Cook worried one demand would lead to many more, because once created, a technique can be used again and again. And like Lieu, he was concerned once the government extended its reach regarding privacy, what would stop it going further? “The government could extend this breach of privacy and demand that Apple build surveillance software to intercept your messages, access your health records or financial data, track your location, or even access your phone’s microphone or camera without your knowledge,” he said.

That might sound alarmist, but this latest attack on privacy is just the latest skirmish in a battle that’s raged with increasing intensity in recent months. US states have introduced bills that aim to prohibit the sale of devices with unbreakable encryption. In the UK, Home Secretary Theresa May claims authorities don’t want to ban end-to-end encryption, nor even receive a key to said encryption. But they do ‘just’ want data made available in readable form on demand, which, you might notice, is incompatible with end-to-end encryption.

This circular illogic is increasingly twinned with emotionally charged justifications. Politicians talk of dealing with terrorists, paedophiles and human traffickers. If only these stubborn, obstructive technology companies would do what governments want, a magic wand would be waved, and the world would be safe.

Tabloids become apoplectic with fury. Apple’s commitment to safeguarding data and belief that “the contents of your iPhone are none of [Apple’s] business” (thereby ensuring even Apple can’t access them) count for nothing when editors desperate for eyeballs scream about the horrors of the world and pin them on locked iPhones. And this leaks through to those who have suffered tragedy, such as murdered Fusilier Lee Rigby’s uncle weighing in on the Apple case, saying the company is “protecting a murderer’s privacy at the cost of public safety”.

He reasoned if a court issued a warrant to search a house, people wouldn’t complain, and so why should a smartphone be any different? But emotion must not cloud reason, as unsympathetic as that might seem. Cook said a digital key left under the doormat would not just be there for the good guys — the bad guys would find it too. In other words, this isn’t like opening a single house to police, but potentially many millions of houses to anyone with the skills to find and utilise a skeleton key that could be duplicated and sent worldwide in an instant.

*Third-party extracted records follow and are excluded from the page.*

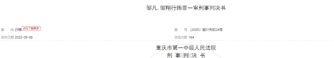 2021年9月,重庆市第一中级人民法院对该案做出一审判决,邹翔犯利用未公开信息交易罪、行贿罪等,被执行有期徒刑11年,并处罚金1445万元,邹某被判处有期徒刑3年,并处罚金1445万元,两人违法所得约2355.04万元全部追缴。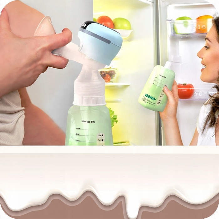 Если у вас слишком много молока, вы можете легко сцедить его, заморозить и использовать позже. Для этого используйте пакеты для хранения грудного молока Neno, которые благодаря точному разъему можно прикрепить непосредственно к молокоотсосу Neno, а не к бутылочке.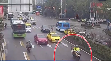 交巡警開道協(xié)助出租車運(yùn)送病人(道路監(jiān)控視頻截圖) (文/圖 李嘉男) |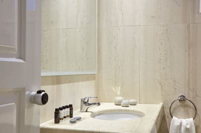 Décorée dans des tons ocres, elle bénéficie d’un design moderne avec un mobilier en bois clair et des luminaires qui contribuent à une ambiance de détente. La chambre peut être configurée, au choix, avec un lit queen size (2,00 x 1,60) ou des lits jumeaux (1,00 x 2,00) et la salle de bains en marbre est équipée d’une cabine de douche. Ambiance de détente !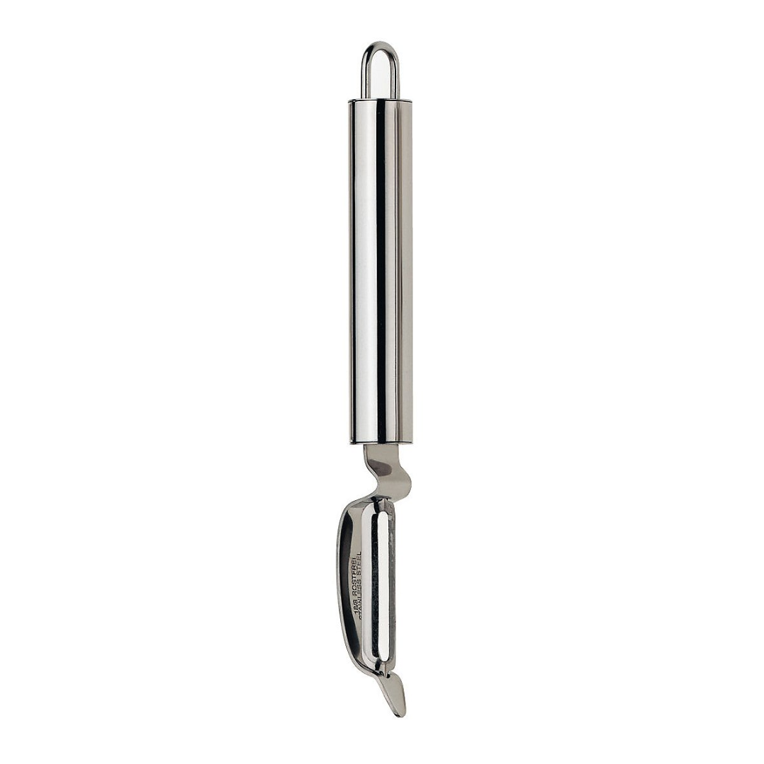 The Rondo potato peeler is an indispensable tool in every kitchen, designed for quick and efficient vegetable preparation. With a length of 19.5 cm, this practical tool allows you to easily remove the skin from potatoes, carrots and other vegetables, making your food preparation faster and easier. Made of high-quality stainless steel, the peeler boasts outstanding durability and rust resistance, which guarantees long-term use without losing quality. The silver finish not only adds to the elegant look, but also makes cleaning easier, saving time after cooking. The ergonomic design of the handle ensures a comfortable and firm grip, allowing you to easily and safely control the tool while peeling vegetables. The blade is specially shaped for fast and precise cutting, and the added advantage is ease of maintenance. Whether you are preparing a meal for the family or engaging in culinary experiments, the potato peeler will make your job easier.

Whatever your thoughts on Apple, the company has taken a brave and just stance. It could have complied in silence, and no-one would have known any different. But Apple didn’t keep quiet, and instead is fighting for the future of digital privacy — your digital privacy; this despite risking alienation due to the crime the order it’s resisting relates to.

No doubt we’ll hear politicians and tabloids continue to yell that ‘something must be done’. But what must be done is stopping politicians and governments using atrocities as an excuse to erode civil liberties. As Cook said, we can have security measures without trampling on privacy rights. And that is common sense.